## STORED DATA

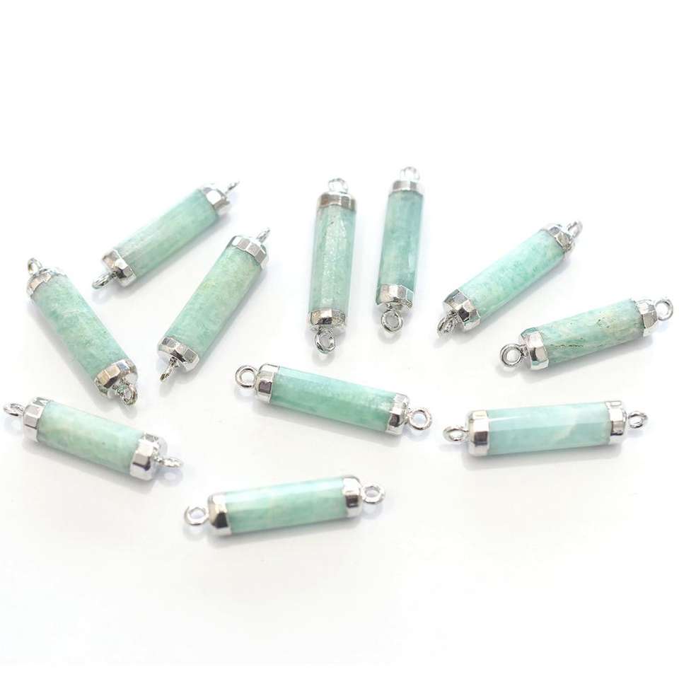 ชื่อสินค้า:อะเมซอนไนต์ ขนาด 24-26 มม. พร้อมห่วงคล้อง รูปทรงหลอด ชุบเงิน
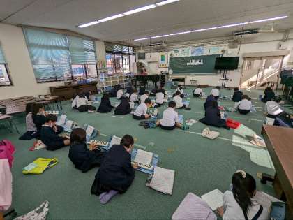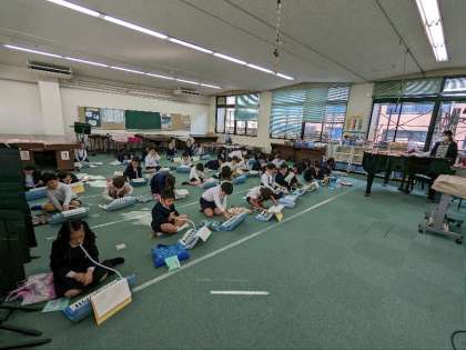音楽の授業の様子です。鍵盤ハーモニカで合奏をしていました。先生のピアノの伴奏に合わせて集中して演奏していました。とても上手でした。
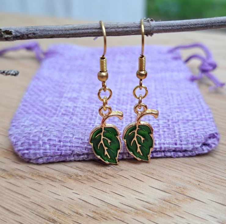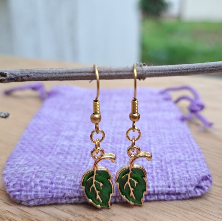 These green leaf earrings with gold-coloured veins and outline, are pretty and subtly shiny. They’re hung on nickel free gold-plated ear wires. Cute for everyday wear or a nature themed outfit.
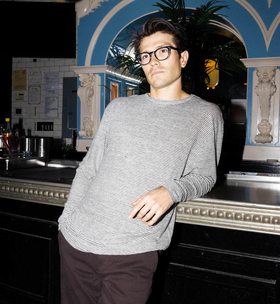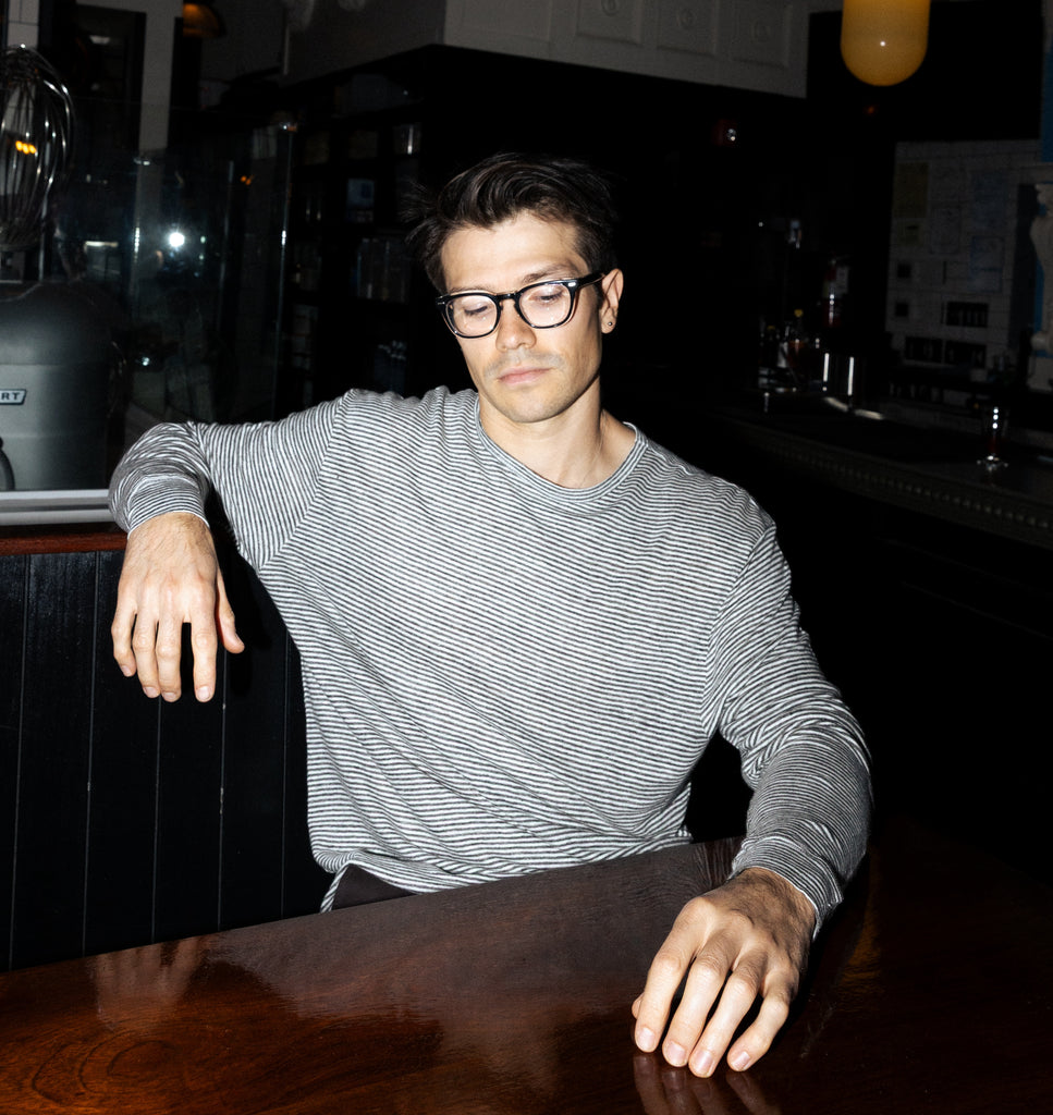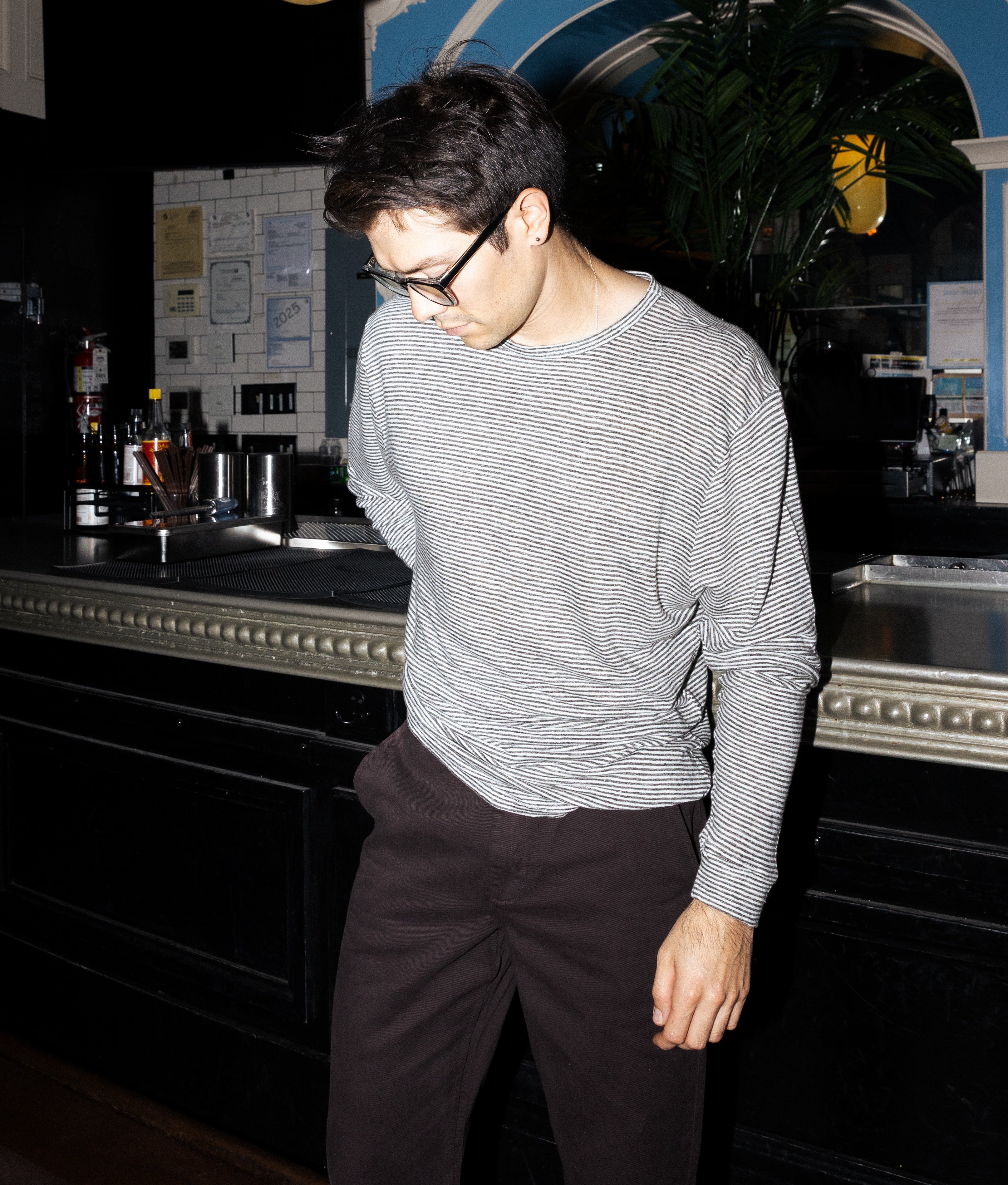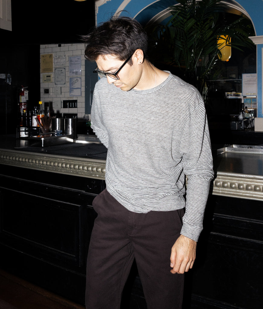A yarn-dye striped long-sleeved t-shirt made with sustainably grown French linen, knit in Portugal and washed with biodegradable softeners.

## WHAT YOU NEED TO DO
Starting with the line that contains "These green leaf", reproduce every line down to the end of the listing above, both endpoints included. Pictures stay out.

## ANSWER AREA
 These green leaf earrings with gold-coloured veins and outline, are pretty and subtly shiny. They’re hung on nickel free gold-plated ear wires. Cute for everyday wear or a nature themed outfit.
A yarn-dye striped long-sleeved t-shirt made with sustainably grown French linen, knit in Portugal and washed with biodegradable softeners.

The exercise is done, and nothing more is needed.